La película dirigida por Baltasar Kormákur se ubica en el periodo en que escalar la montaña más alta se había convertido, además del reto supremo de los montañeros, en un pasatiempo para millonarios. Fueron numerosas las empresas que organizaban «excursiones» a la preciada cima, colocando para ello facilidades tales como cuerdas fijas o escaleras que permitieran un ascenso relativamente cómodo para quienes pudieran costeárselo. La historia nos pone en la piel del gerente de una de estas empresas en su afán por llevar a un grupo de clientes a lo más alto, y relata cómo su excesiva indulgencia y los caprichos del clima llevan su expedición a la catástrofe.
La realización, sin embargo, se queda corta al trazar la supuesta épica de una gesta a la que en nada ayuda un guión descafeinado. La empatía con los protagonistas es prácticamente nula, y el relato carece realmente de un conflicto potente que lleve a los espectadores al nivel de tensión que se le presupone. Sólo al final, cuando la montaña desata sus fuerzas, contemplamos el atisbo de una historia que gana en interés cuando toman el protagonismo los intentos de rescate y la lucha, no ya por coronar la cima sino por sobrevivir.

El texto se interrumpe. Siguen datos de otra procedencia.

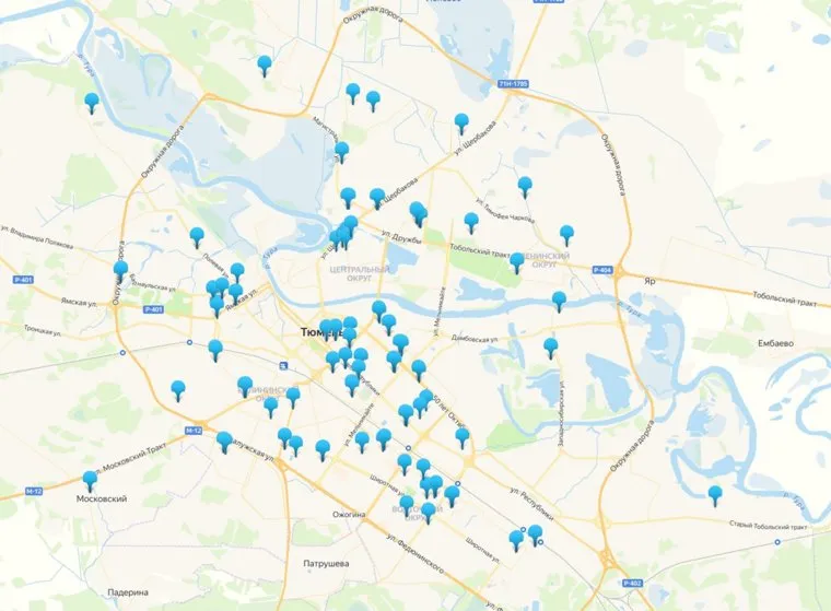 - площадки ТИУ и другие точки.
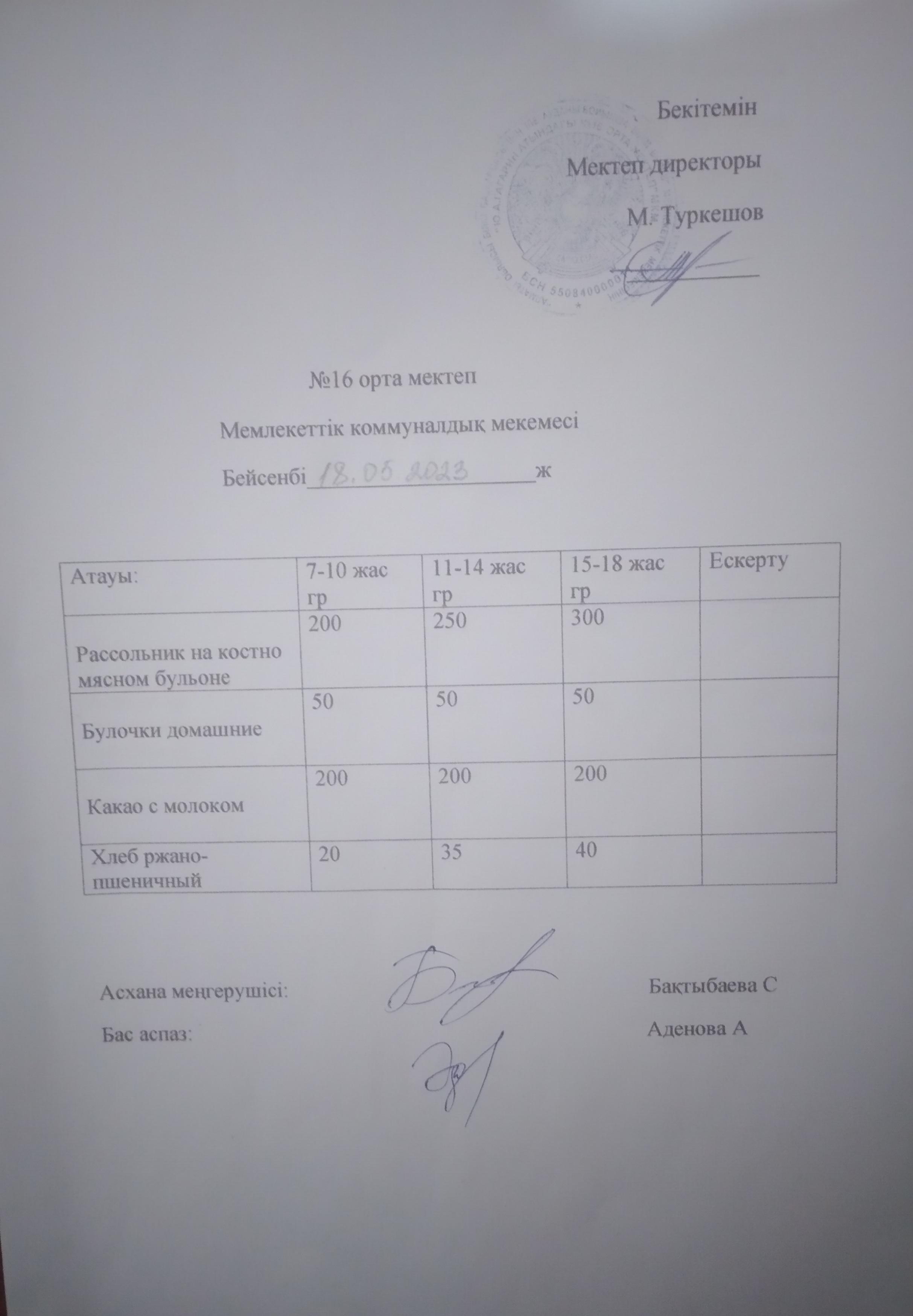 Меню 18.05.2023 » №16 ОРТА МЕКТЕП

Se salvan de la quema los magníficos planos aéreos y la fotografía de uno de los emplazamientos más hermosos del planeta. Filmada en parte en los escenarios reales, esta superproducción sufrió en sus carnes las inclemencias de un rodaje sumamente complejo: entre ascenso y descenso en helicóptero todo el equipo sufrió el mal de altura propio de los escaladores; los actores estuvieron al borde de la congelación en algunas escenas, y pequeñas avalanchas sepultaron el set en varias ocasiones. Destacan, igualmente, las interpretaciones de Jake Gyllenhaal y de Emily Watson, quien la semana pasada fue galardonada con el Premio Donostia a toda su carrera en el Festival de San Sebastián. Lástima que su aportación se quede en el ámbito de los secundarios y no entre el elenco de protagonistas.